Pro tips for coping with hypoglycemia
1 › Try not to raid your pantry! This could result in a pendulum swing into hyperglycemia and, in the mid- to long-term, weight gain.
2 › For quick treatment, avoid foods that contain fat or fibre, neither of which are effective in treating hypoglycemia.
3 › Make it a habit to always have a stash of sugar or snacks with you.
7 / What's the best type of sugar to use when cooking and baking?
Trick question! While some sugars (like agave or maple syrup) cause blood sugar to rise slightly less quickly than others, I wouldn’t recommend modifying recipes for two reasons: First, these sugars won’t “train” a diabetic’s palate to desire less sugar. Second, in the end, all sugars contain about the same amount of carbohydrates.
8 / What do you think of stevia and other sweeteners like aspartame and sucralose?
Stevia is a plant-based product that is 100 to 300 times sweeter than sugar, so only a pinch is needed to get that sweet flavour (to see how your body reacts, test your blood sugar often). As for other sugar substitutes (aspartame, sucralose, etc.), Health Canada recommends consuming them in moderation. The upside it that they won’t make your blood sugar spike, but the downside is that they will continue to feed that sweet tooth.
9 / What foods can treat hypoglycemia?
Hypoglycemia is defined as a blood glucose level that falls below 4.0 mmol/L. The only way to boost blood sugar levels is by consuming fast-acting carbohydrates. Of course, not just anything will do; here are some recommended foods.
If your blood sugar is between 2.8 mmol/L and 4.0 mmol/L, you should consume 15 g of easily absorbed carbohydrates. For example:
- ¾ cup (180 ml) fruit drink or regular soda
- 1 tbsp (15 ml) honey, maple syrup or corn syrup
- 1 tbsp (15 ml) sugar dissolved in water (3 packets)
If your blood sugar is less than 2.8 mmol/L,you need to consume 20 g of easily absorbed carbohydrates.

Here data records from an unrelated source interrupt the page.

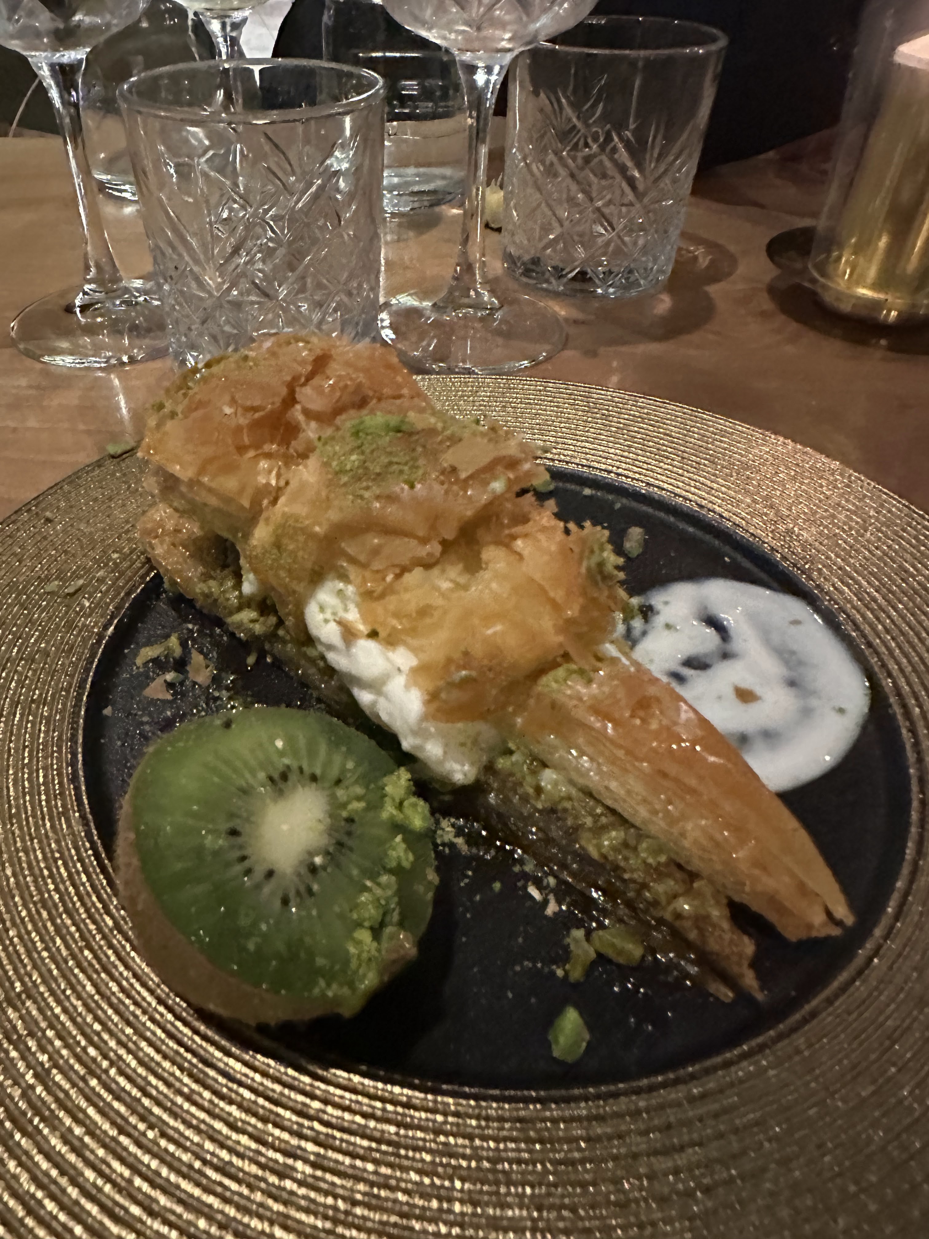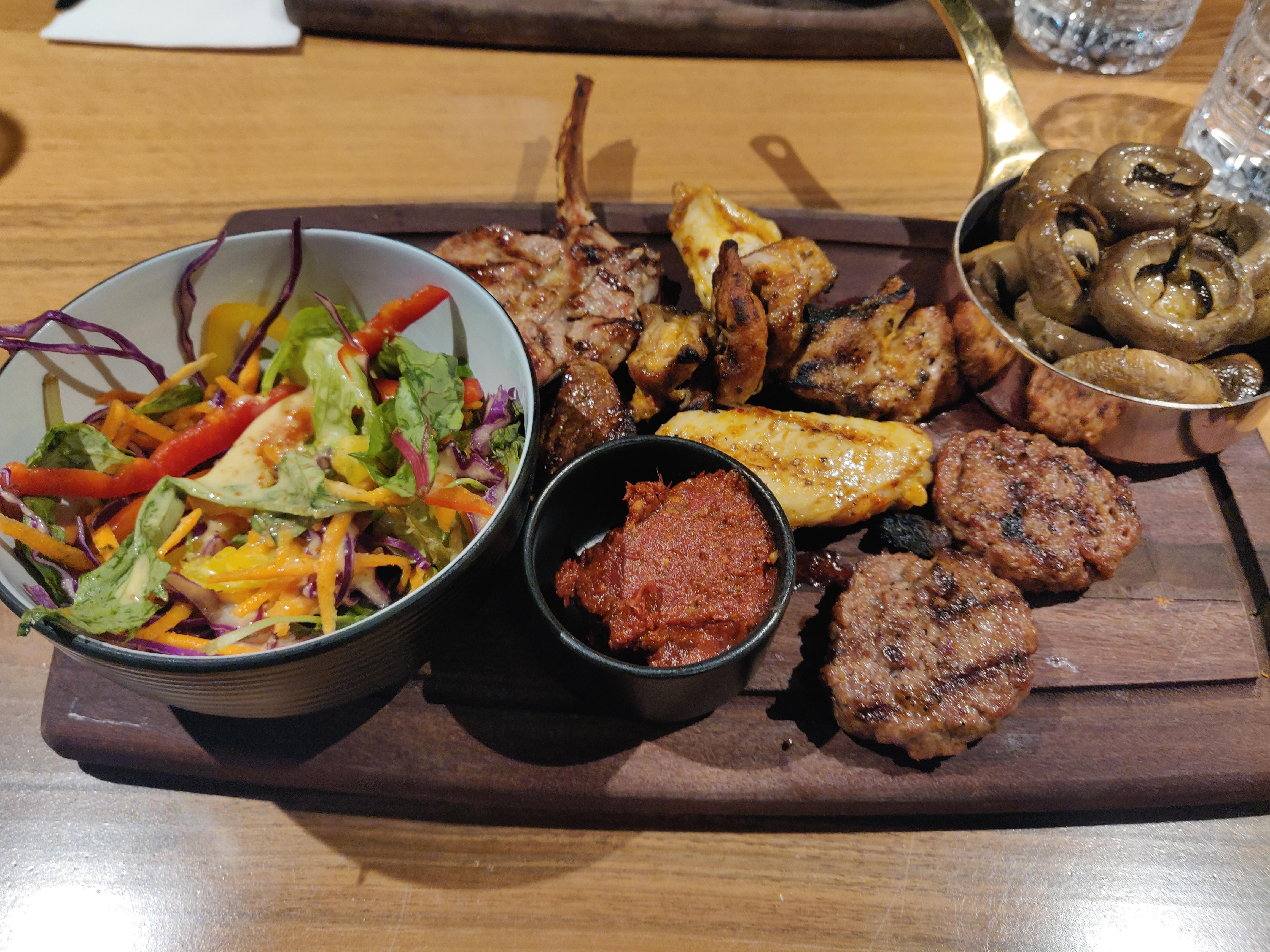 Très belle découverte. Un large choix de viande rouge ou de grillades. Nous avons testé la poitrine de boeuf a 79e. Plat a la base pour 2 mais on peut être a 3 dessus sans souci. Seul petit reproche : la purée est trop compacte et le kunefe n’était pas suffisamment cuit. Sinon, bon restaurant !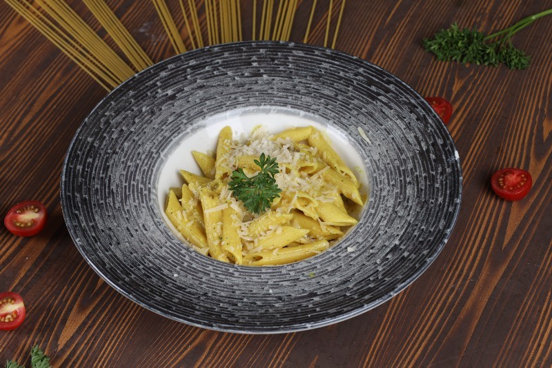 Krema köri sos pesto sos sarımsak parmesan peyniri ile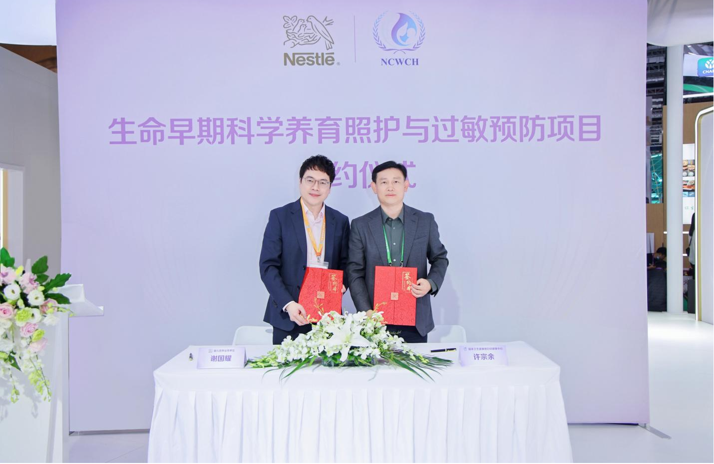11月6日,第八届中国国际进口博览会期间,雀巢母婴以“科学创新守护生命早期”为核心,通过双项目签约启动,展现全球婴幼儿营养健康领军企业的责任担当:一方面携手国家卫生健康委妇幼健康中心(以下简称“国家妇幼健康中心”)签署合作协议,发布《生命早期科学养育照护与过敏预防项目》举措;另一方面联合中国出生缺陷干预救助基金会“早安天使”早产儿关爱专项基金,启动《早产儿公益救助项目》。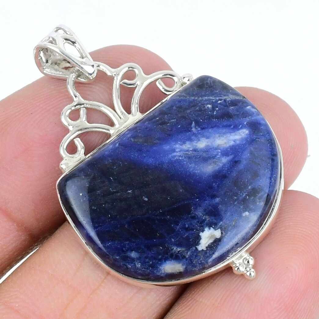 Sodalite Gemstone 925 Silver Handmade Valentines Engagement Wife Artisan Pendant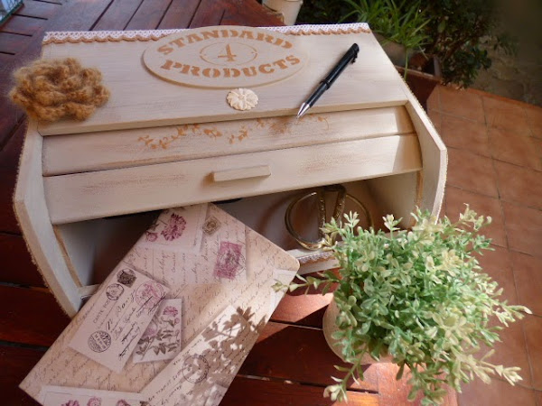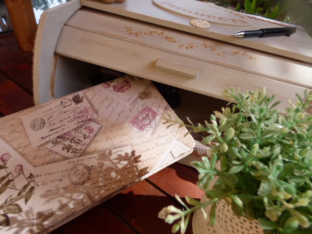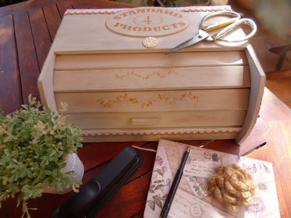 con el mismo barniz le dí a toda la panera,m antes de hacer los estarcidos....así si te equivocas en algo al estarcir, simplemente con una toallita húmeda se retira todo facilmente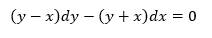 $$\begin{align}&(y-x)dy-(y+x)dx=0\\&(y-x) \frac{dy}{dx}-(y+x)=0\\&(y-x)y'+(-y-x)=0\end{align}$$es una ecuación diferencial exacta
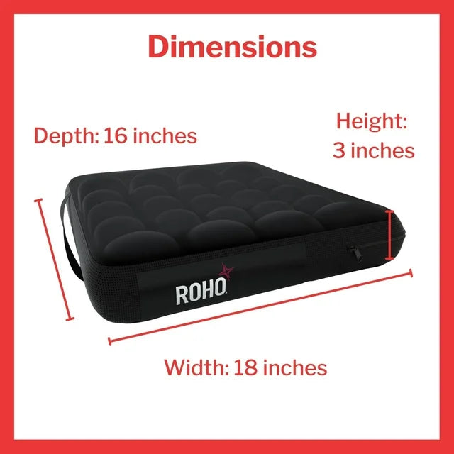 The ROHO Mosaic Wheelchair Cushion offers comfort and basic skin protection for wheelchair users. Its inflatable air cells evenly distribute pressure, preventing discomfort and "bottoming out." Ideal for those needing mild skin protection, support, and long sitting times. Made of durable PVC, it's a reliable choice for everyday use.
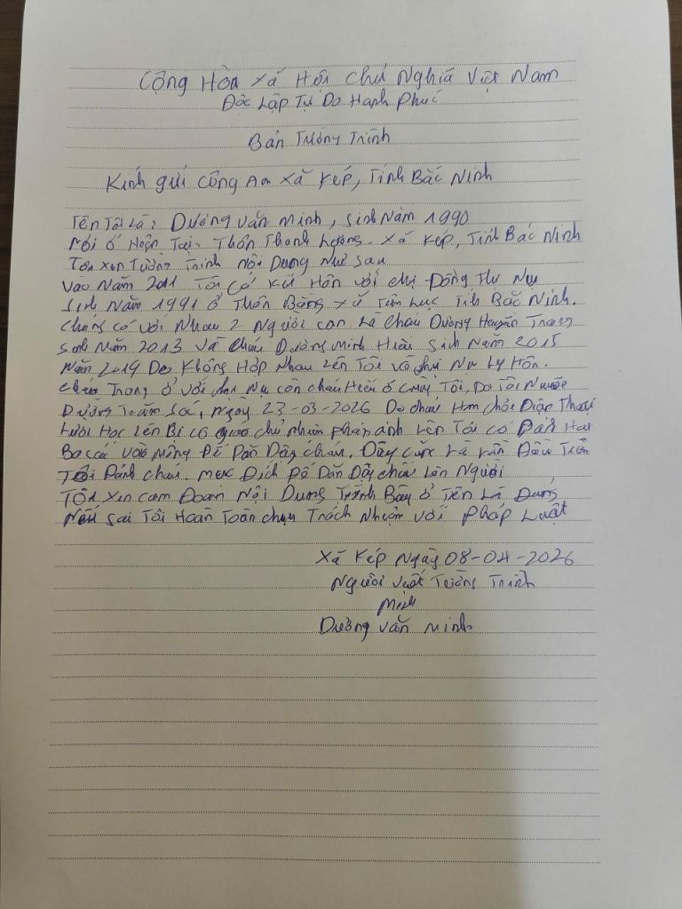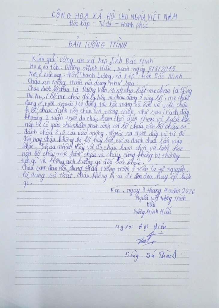 Ngày 08/4/2026, Công an xã Kép đã tiến hành làm việc với cháu Dương Minh Hiếu ở thôn Thanh Lương, xã Kép, tỉnh Bắc Ninh để xác minh làm rõ thông tin vụ việc phản ánh cháu bị người thân đánh gây thương tích.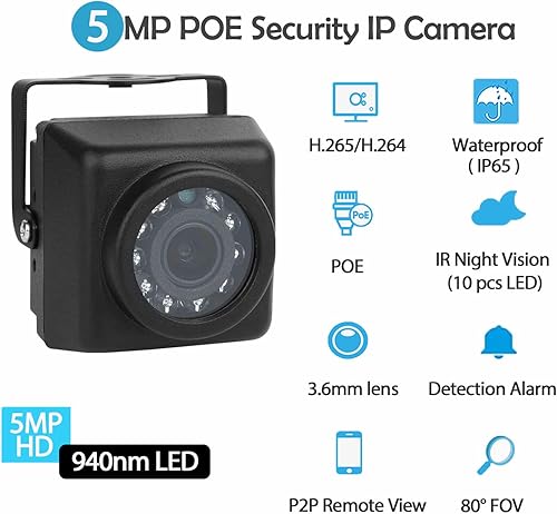5MP IP65 Waterproof POE IP Mini Camera,940nm Invisible LED Infrared POE Camera Night Vision,3.6mm Lens Mini Indoor/Outdoor Security Cam Motion Detection,PC/Phone App (I704-3-P-HSV6)(3.6mm Lens Black I704-3-P-HSV6)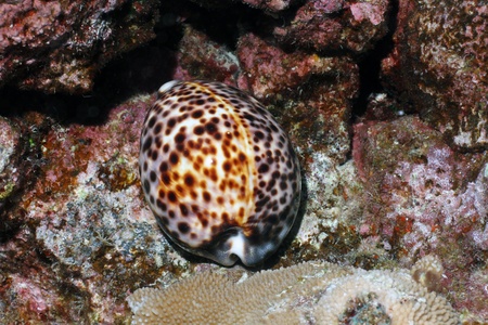 Tiger Cowrie sea shell underwater. Shell on the seabed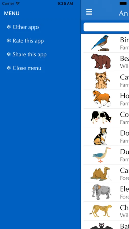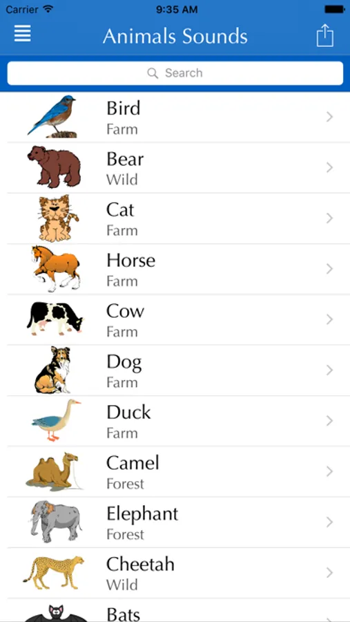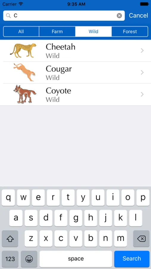 **You can do search in animal list by categories. They are Farm,wild and forest.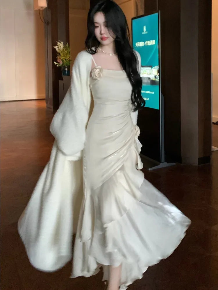 LIZAKOSHT - Elegant Spaghetti Strap Ruffles Mermaid Dress Long Sleeve Knitted Long Coat Korean Fashion Evening Party Clothing Autumn Winter

For example:
- 1 cup (250 ml) orange juice or regular soda
- 4 tsp (20 ml) honey, maple syrup or corn syrup
- 4 tsp (20 ml) sugar dissolved in water (4 packets)
Wait 15 minutes after ingestion to measure blood sugar again. If it’s still under the 4.0 mmol/L mark, start the process over again. If you don’t plan on eating a snack or meal within the hour that follows, eat 15 g of carbohydrates with a source of protein to help level off your blood sugar. Good options include a serving of yogurt with nuts, an apple with cheese or a piece of toast with peanut butter. You can also find specially conceived glucose drinks and pills in drugstores. If you’re taking acarbose (Glucobay®)—used to help lower blood glucose in type 2 diabetics—you’ll have to treat hypoglycemia with three glucose caplets, 1 tbsp (15 ml) honey or 1 ¼ cups (310 ml) milk.
10 / What about diet soft drinks?
Diabetics can drink these in moderation because despite tasting sweet, they don’t affect blood sugar levels. But the acidity of soda can damage teeth and bones, so replacing it with unsweetened tea or carbonated water with sliced citrus or mint is a good way to stay hydrated—diabetic or not!
TYPE 1 OR TYPE 2?
Type 1 diabeties, or juvenile diabeties, addects about 10 percent of diabetics. It occurs when the cells in the pancreas, which secrete insulin, are destroyed by the body's immune system so the pancreas can no longer regulate blood sugar levels. Insulin is currently the only available treatment. Type 2 diabetes is most common in adults and is characterized by a decrease in insulin production and/or an increase in resistance. It is ofter accompanied by exces weight.